LES CONTES POPULAIRES DE L’ÉGYPTE ANCIENNE

 

CONTES

LE CONTE DE RHAMPSINITE

(ÉPOQUE SAÏTE)

 

 

La forme la plus anciennement connue de, ce conte nous a été conservée par Hérodote, au livre II de ses histoires (ch. CXXXI). On le retrouve chez la plupart des peuples de l’Orient et de l’Occident, et l’on a souvent débattu la question de savoir quelle en était l’origine : j’ai donné dans l’introduction de ce volume les raisons qui m’inclinent à penser que, s’il n’est pas égyptien d’invention, il était égyptianisé depuis longtemps quand Hérodote le recueillit. J’ajouterai ici que le nom de Rhampsinite était donné en Égypte au héros de plusieurs aventures merveilleuses.
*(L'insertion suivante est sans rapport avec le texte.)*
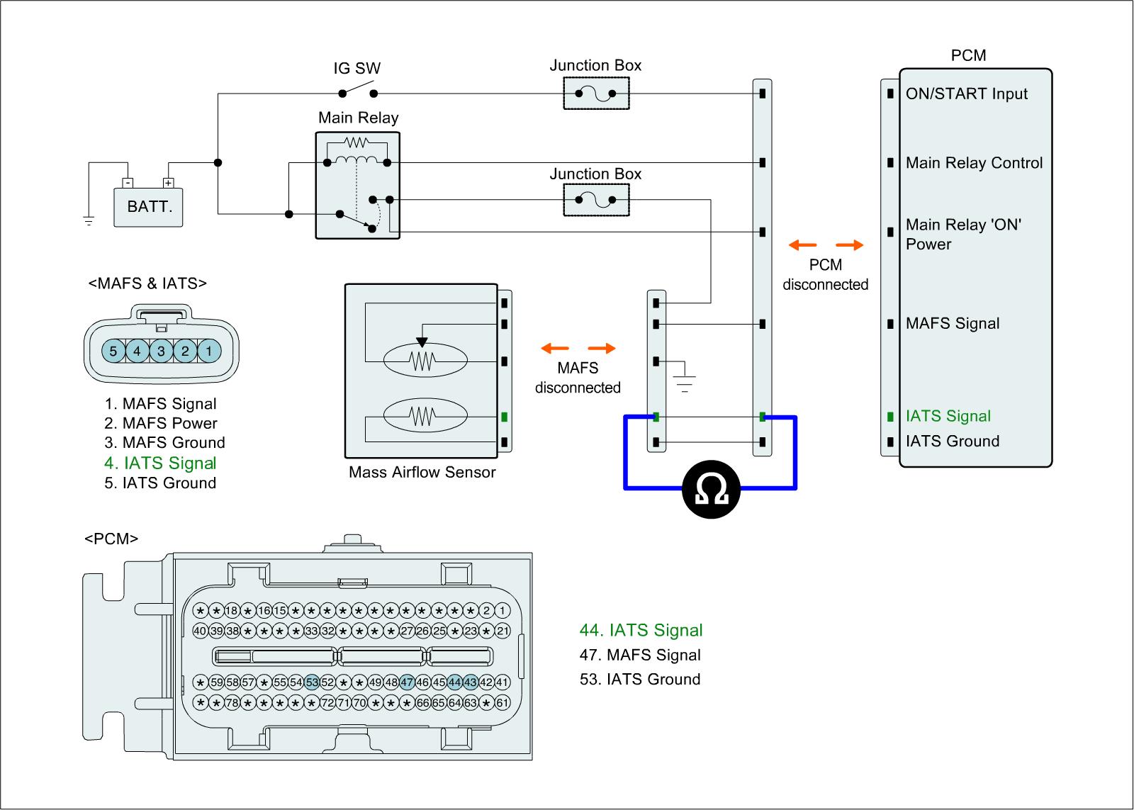 1. IG "OFF" and disconnect IATS connector and PCM connector.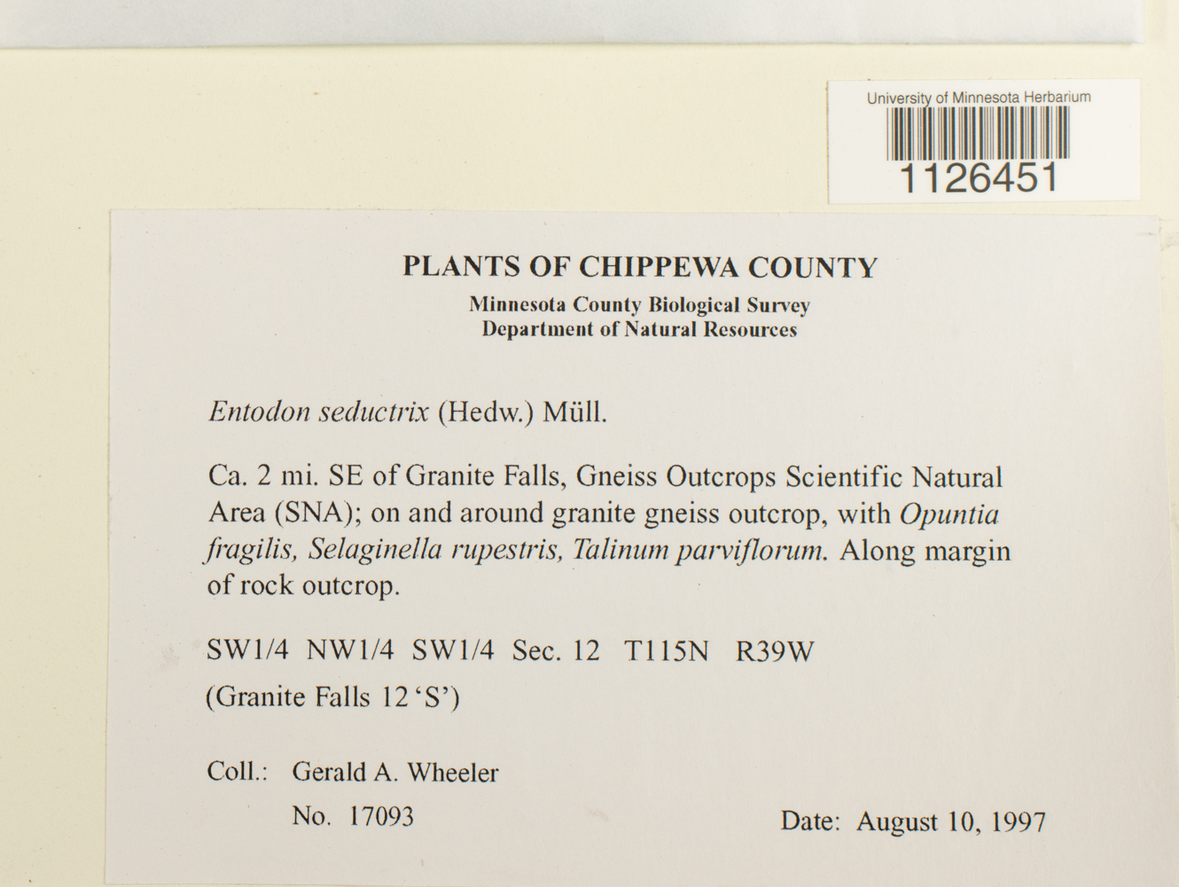 United States, Minnesota, Chippewa, Ca. 2 mi. SE of Granite Falls, Gneiss Outcrops Scientific Natural Area (SNA) SW1/4 NW1/4 SW1/4 of Sec. 12. (Granite Falls 12'S')

Les prêtres racontent que ce roi descendit vivant dans la région que les Grecs nomment Hadès, et qu’il y joua aux dés avec la déesse Déméter, tantôt la battant, tantôt battu par elle, puis qu’il en revint, emportant comme don de la déesse une serviette d’or (Hérodote, II, CXXII). C’est en quelques lignes le résumé d’un conte égyptien, dont les deux scènes principales devaient rappeler singulièrement la partie engagée entre Satni et Nénoferképhtah d’une part et d’autre part la descente de Satni dans l’Hadès par l’intervention de Senosiris.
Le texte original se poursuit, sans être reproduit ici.